Here are a few illustrations of the function for different distributions, varying the number of buckets.
# Normal, Chi and Beta distributions.
dists = [stats.norm(25, 9), stats.chi(1, 10, 10), stats.beta(0.5, 0.5, -1, 52)]
# 6, 11 and 26 buckets.
buckets = [np.arange(0, 51, 10), np.arange(0, 51, 5), np.arange(0, 51, 2)]
# Corresponding bins and widths
bins = [np.arange(-5, 56, 10), np.arange(-2.5, 53.5, 5), np.arange(-1, 52, 2)]
widths = [10, 5, 2]
r = np.arange(0, 50, 0.001)
fig, axes = plt.subplots(3, 3, figsize=(8, 4), sharey=True, dpi=150)
for i, ax in enumerate(axes):
for j, a in enumerate(ax):
d = dists[i]
balls = bin_dist(d, buckets[j], 50)
a.hist(
balls,
bins=bins[j],
width=widths[j],
align="mid",
rwidth=1,
density=True,
ec="white",
)
a.plot(r, d.pdf(r), ls=":", color="red")
sns.despine(left=True)
a.set_yticks([])
a.set_xticks(buckets[j])
a.tick_params(axis="x", labelrotation=90, labelsize=5)

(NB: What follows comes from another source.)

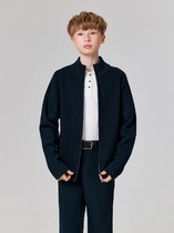 Бомбер с контрастными рукавами для мальчика. Изготовлен из мягкого петельчатого трикотажа. Застёгивается на кнопки. Воротник, манжеты и пояс - вязаные. Спереди карманы с листочкой.

a.tick_params(axis="y", labelrotation=0, labelsize=5)
for a, t in zip(
axes,
[r"$\mathcal{N}(25, 9)$", r"$\chi(1)$ (scaled)", r"$\beta(0.5, 0.5)$ (scaled)"],
):
a[0].set_ylabel("{}".format(t), size=8)
for a, t in zip(axes[0], ["6", "11", "26"]):
a.set_title("{} Buckets".format(t), size=8)
plt.tight_layout()
plt.close()
display(fig, metadata=dict(filename="Fig4"))
A few rules to finish:
- Don’t use too few buckets. The larger your buckets are, the less faithful the representation of the distribution will be.

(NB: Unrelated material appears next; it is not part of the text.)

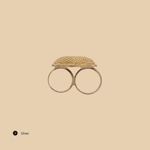 Virangana is bold and fierce, a ring designed for women who embody courage. Its statement design feels regal, with a strong silhouette that commands attention. The ring carries echoes of warrior queens and royal courts, making it perfect for festive occasions where drama is welcome. Virangana pairs beautifully with layered jewelry and makes a powerful bridal piece for those who want to break away from convention. This is a ring that doesn’t just accessorize; it empowers. A tribute to feminine strength, Virangana belongs to the woman who steps into every room with poise, power, and undeniable presence.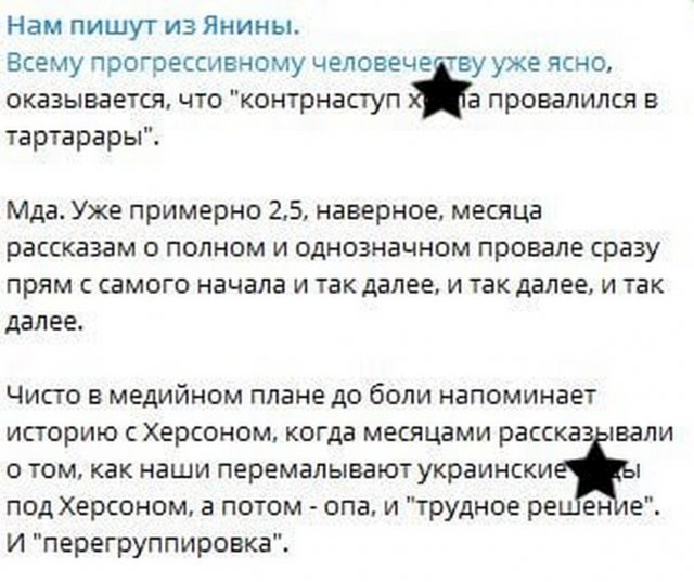 "Чисто в медийном плане до боли напоминает историю с Херсоном, когда месяцами рассказывали о том, как наши “перемалывают” украинские ор*ы под Херсоном, а потом - опа, и "трудное решение", и "перегруппировка"... Вся наша пропаганда радостно перечисляет уже много месяцев стопицот проблем, с которыми столкнется и сталкивается враг. Но никто почему-то не говорит, что, ударившись лбом даже о внезапную, даже о серьезную проблему, противник наш, хитро**пый и упорный, потирает ушибленный лобик и начнет ее решать", - написав окупант Мурз.

- Don’t present too few observations. You also need a good number of them to faithfully represent the distribution.
- Make sure that your buckets cover the “full” distribution: your distribution should have support on all buckets, and the buckets should cover the majority of the support of the distribution.